Survivor’s cocky jocks get a taste of reward and reprisal
Don't mess with Cydney's strength, Nick, Jason, and Scot. (Screen grab by CBS Entertainment)

What was particularly great about the Survivor Kaoh Rong vote last night was, in no particular order, the following:

  • It was a true blindside, not a #blindside.
  • Nick was sent home at his first Tribal Council, having successfully avoided it for 22 days.
  • Jason and Scot were also blindsided.
  • The blindside came from within the dominant alliance, as Cydney made good on her promise that “irritated Cydney will blow the whole game up.”
  • It was entirely of Jason, Scot, and Nick’s making: questioning Cydney’s loyalty, bailing from the immunity challenge for food. Oh, cockiness, you provide such great narrative arcs!
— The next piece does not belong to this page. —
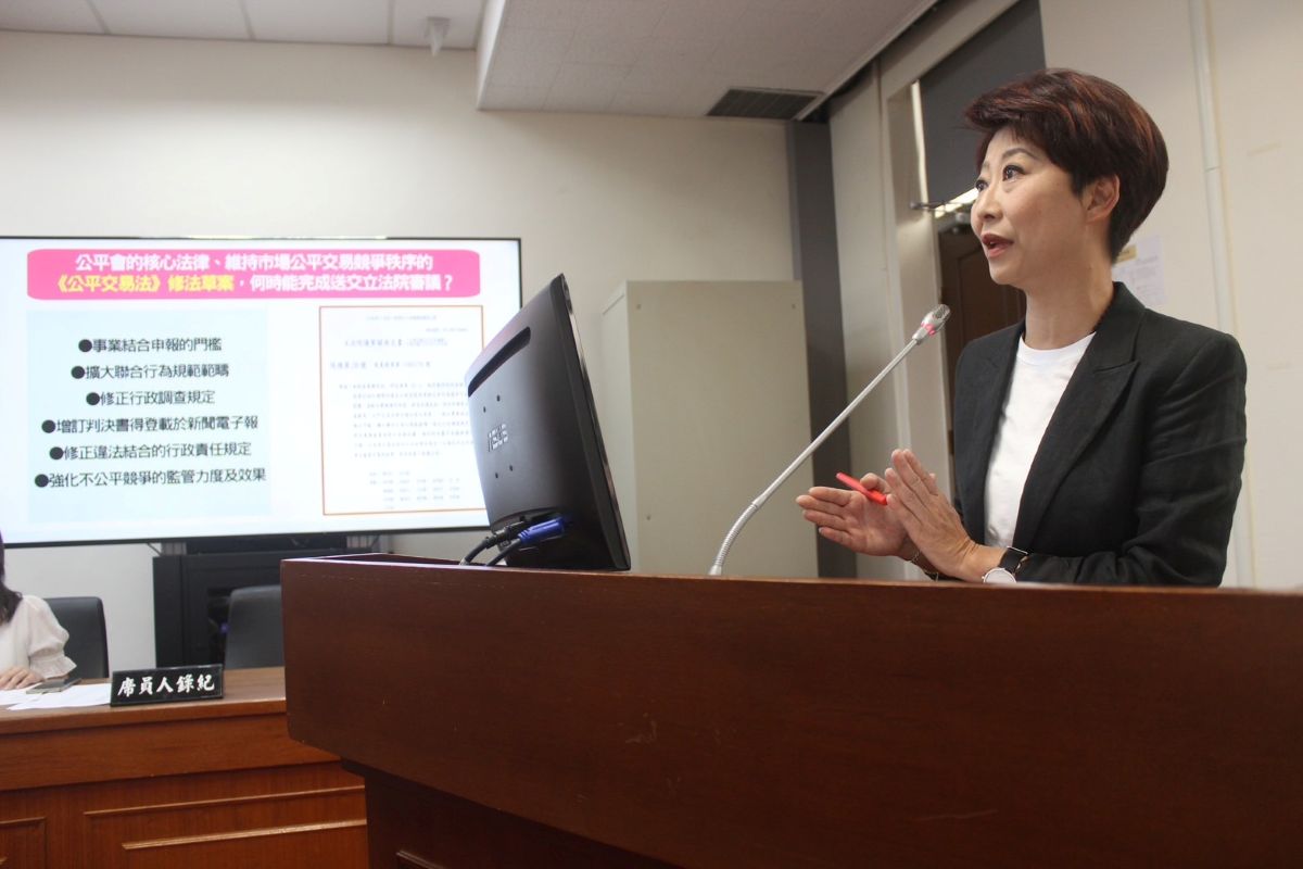 最後,陳亭妃要求公平會在本會期內送出修法草案,送交行政院討論,讓院內、社會各界參與公聽會與審議。「舊法已經難以應對現實社會的變化,這個會期一定要送行政院。」代理主委陳志民則當場允諾長這個目標努力。

  • Nick exited after a display of such cockiness I’m surprised CBS didn’t blur it out. He basically told Aubry exactly how the vote would go and then told her, “I know I’m acting arrogant and all that stuff,” and then said to the cameras, incredibly, “When you’re at your weakest, I’m right there for you. She knows it but she cant do it anything about it.” But oh, how Aubry did do something about it.
  • Tai’s vote for Jason. I don’t know why he voted that way but I’m so glad he voted for that creep.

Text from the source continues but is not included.